FibroGen, the originator, and AstraZeneca are collaborating on the development and commercialisation of roxadustat for the treatment of anaemia in patients with CKD in the US, China, and other global markets. FibroGen and Astellas Pharma Inc. (Astellas) are collaborating on the development and commercialisation of roxadustat for the treatment of anaemia in patients with CKD in territories including Japan, Europe, the Commonwealth of the Independent States, the Middle East, and South Africa.

The global Phase III programme consists of more than 9,000 patients and was conducted by AstraZeneca, FibroGen and Astellas.

The OLYMPUS, ALPS and ANDES trials evaluated roxadustat vs. placebo in NDD patients; HIMALAYAS evaluated roxadustat vs. epoetin alfa in ID patients; and ROCKIES, SIERRAS and PYRENEES evaluated roxadustat vs. epoetin alfa in DD patients.

The AstraZeneca-sponsored trial OLYMPUS demonstrated a statistically-significant and clinically meaningful improvement in haemoglobin vs. placebo in NDD patients. The AstraZeneca-sponsored trial ROCKIES demonstrated a statistically significant improvement in haemoglobin vs. epoetin alfa in DD patients.

In the CV pooled safety analyses, safety was characterised based on a number of key CV analyses from the Phase III programme, including MACE outcomes and MACE+ outcomes (MACE plus hospitalisation for unstable angina and hospitalisation for heart failure outcomes). Overall, the analyses will evaluate the totality of evidence for roxadustat and assess the overall benefit-risk profile, to overcome the potential bias of a single-arm trial analysis.

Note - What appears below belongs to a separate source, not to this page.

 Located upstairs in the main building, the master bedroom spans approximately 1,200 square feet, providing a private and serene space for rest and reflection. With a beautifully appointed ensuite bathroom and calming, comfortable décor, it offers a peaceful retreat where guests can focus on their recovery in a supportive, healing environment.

Anaemia can be a serious medical condition in which patients have insufficient red blood cells and low levels of haemoglobin, a protein in red blood cells that carries oxygen to cells throughout the body.^1,2 Anaemia in CKD is associated with increased risk of hospitalisation, CV complications and death,³ also frequently causing significant fatigue, cognitive dysfunction and decreased quality of life.⁴ Severe anaemia is common in patients with CKD, cancer, myelodysplastic syndrome, inflammatory diseases and other serious illnesses.

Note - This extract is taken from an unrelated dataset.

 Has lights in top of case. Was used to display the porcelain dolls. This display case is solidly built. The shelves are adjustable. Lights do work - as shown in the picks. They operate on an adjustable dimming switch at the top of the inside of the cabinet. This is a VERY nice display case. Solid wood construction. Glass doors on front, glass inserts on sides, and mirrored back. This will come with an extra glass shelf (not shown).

Anaemia is particularly prevalent in patients with CKD, which affects more than 200 million patients worldwide and is generally a progressive disease characterised by gradual loss of kidney function that may eventually lead to kidney failure.

In the US, according to the United States Renal Data System, a majority of dialysis-eligible CKD patients are currently on dialysis. Of the approximately 507,000 patients receiving dialysis in the US as of 2016, approximately 80% were being treated with erythropoiesis-stimulating agents (ESA) for anaemia.⁵ Patients seldom receive ESA treatment until they initiate dialysis therapy.